Public Release: 

New data suggest treatment effect on cognition leads to the treatment effect on function in patients

Study results published in the December issue of the Journal of Alzheimer's Disease

IOS Press

INDIANAPOLIS, December 2, 2014 -- Today, Eli Lilly and Company announced results from new analyses of two Phase 3 trials evaluating the relationship between cognitive and functional treatment effects in patients with mild Alzheimer's disease. Based on post-hoc analyses of the Phase 3 trials, the findings suggested that cognitive deficits were more apparent than functional deficits in mild Alzheimer's disease when measured with the Alzheimer's disease Assessment Scale-Cognitive (ADAS-Cog) and the Alzheimer's disease Cooperative Study-Activities of Daily Living (ADCS-ADL) subscales. The apparent treatment effect on cognition based on these analyses led to the apparent treatment effect on function. These data were published in the December 2 issue of the Journal of Alzheimer's Disease.
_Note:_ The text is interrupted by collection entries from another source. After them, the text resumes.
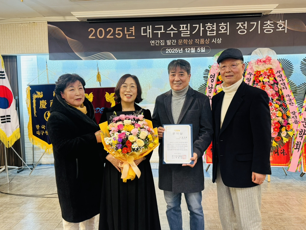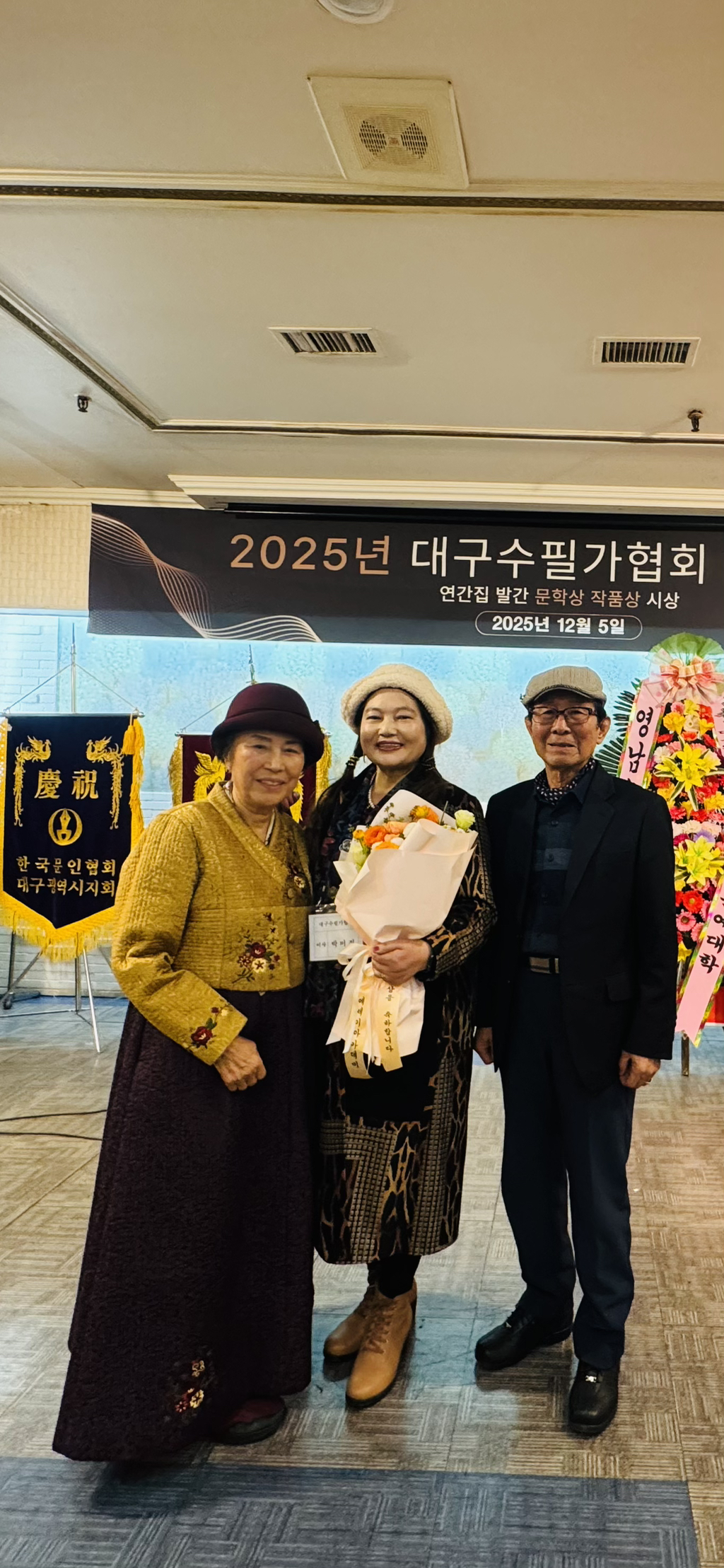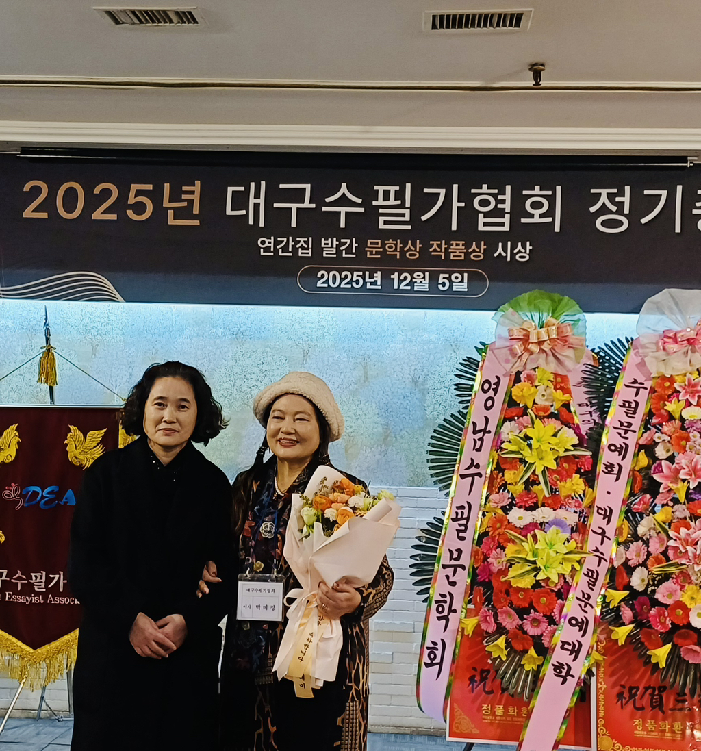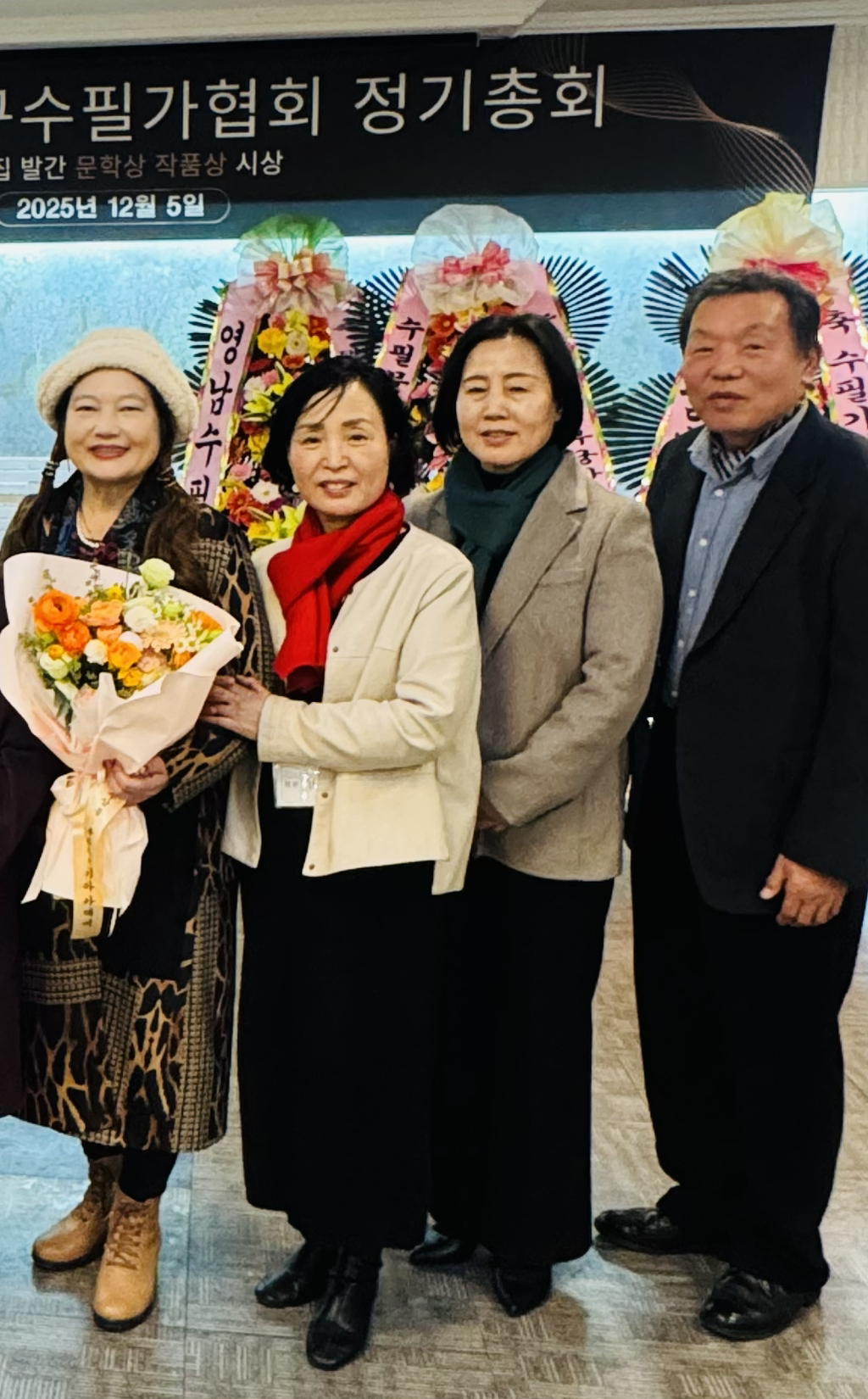 2025년 총회 및 연간집 출판기념회 작성자박미정|작성시간25.12.06|조회수95 목록 댓글 2 글자크기 작게가 글자크기 크게가 다음검색 현재 게시글 추가 기능 열기 북마크 신고 센터로 신고 댓글 댓글 2 댓글쓰기 답글쓰기 댓글 리스트 작성자裕堂(유당) 이정경 | 작성시간 25.12.06 미정 선생님 사진 감사합니다. 수고 많으셨습니다,_()_ 작성자엄옥례 | 작성시간 25.12.07 선생님,작품상 수상을 축하드립니다!사진도 고맙습니다. 댓글 전체보기
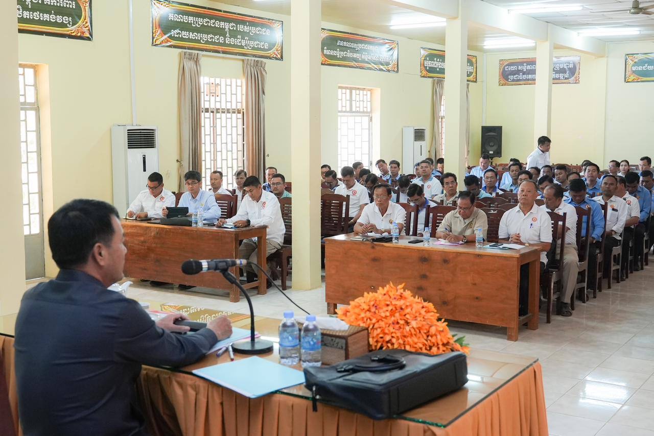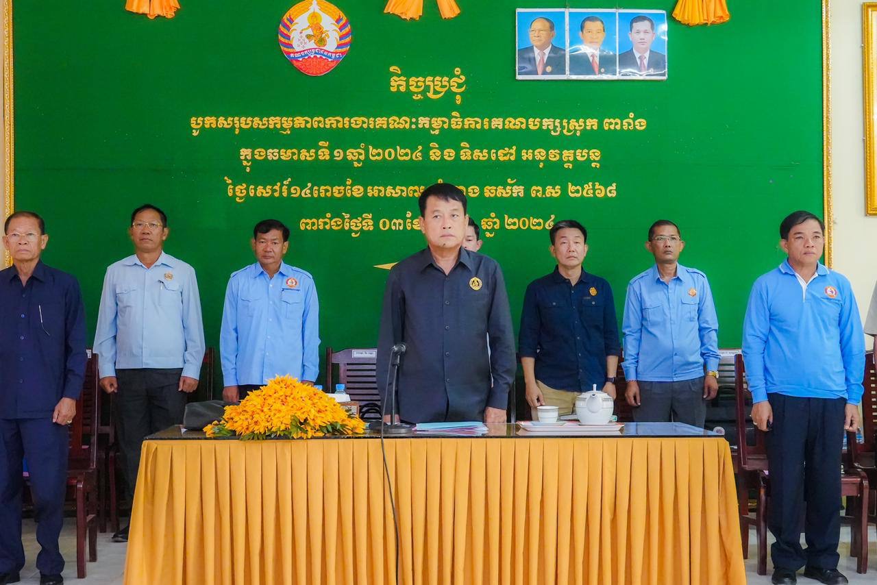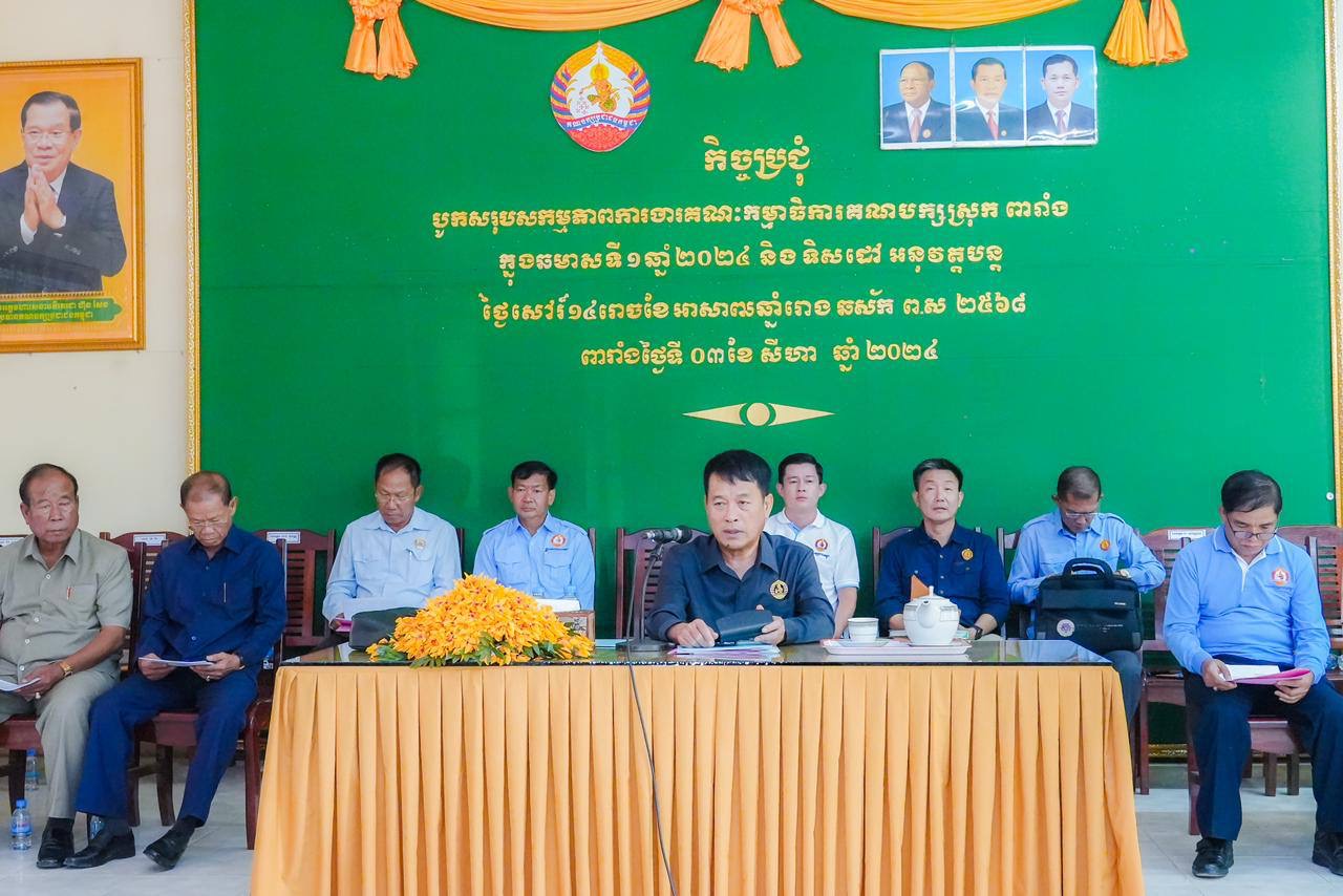 (ព្រៃវែង)៖ ព្រឹកថ្ងៃទី៣ ខែសីហា ឆ្នាំ២០២៤ ឯកឧត្តម វង្ស ពិសេន ប្រធានក្រុមការងាររាជរដ្ឋាភិបាលចុះមូលដ្ឋានស្រុកពារាំង ខេត្តព្រៃវែង បានអញ្ជើញដឹកនាំកិច្ចប្រជុំបូកសរុបលទ្ធផលការងារប្រចាំឆមាសទី១ ឆ្នាំ២០២៤ និងលើកទិសដៅការងារអនុវត្តបន្តរបស់ក្រុមការងាររាជរដ្ឋាភិបាលចុះមូលដ្ឋានស្រុកពារាំង ដែលពិធីនេះប្រព្រឹត្តទៅនៅទីស្នាក់ការគណបក្សស្រុកពារាំង។
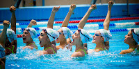 Deportistas escogen ropa durante una competencia acuática en Cancún, destino al que acuden cada año competidores de diversas disciplinas procedentes de todo el Mundo.
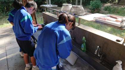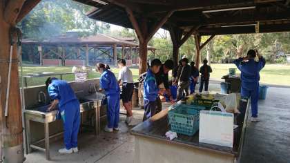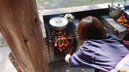 野外炊飯のようすです。先生も必死です。「火を消すな!」

"These data are important as they suggest that functional outcomes should be considered key secondary endpoints in a clinical trial of patients with mild Alzheimer's disease dementia, and they are consistent with the idea that Alzheimer's disease is primarily a disease of cognition and the functional deficits are mostly a consequence of these cognitive deficits," said Hong Liu-Seifert, Ph.D., study research advisor at Eli Lilly and Company. "We believe cognition and function are important to patients and caregivers and these data suggest that cognitive treatment effect drives functional treatment effect and can be considered a leading indicator for functional effect in patients with mild Alzheimer's disease."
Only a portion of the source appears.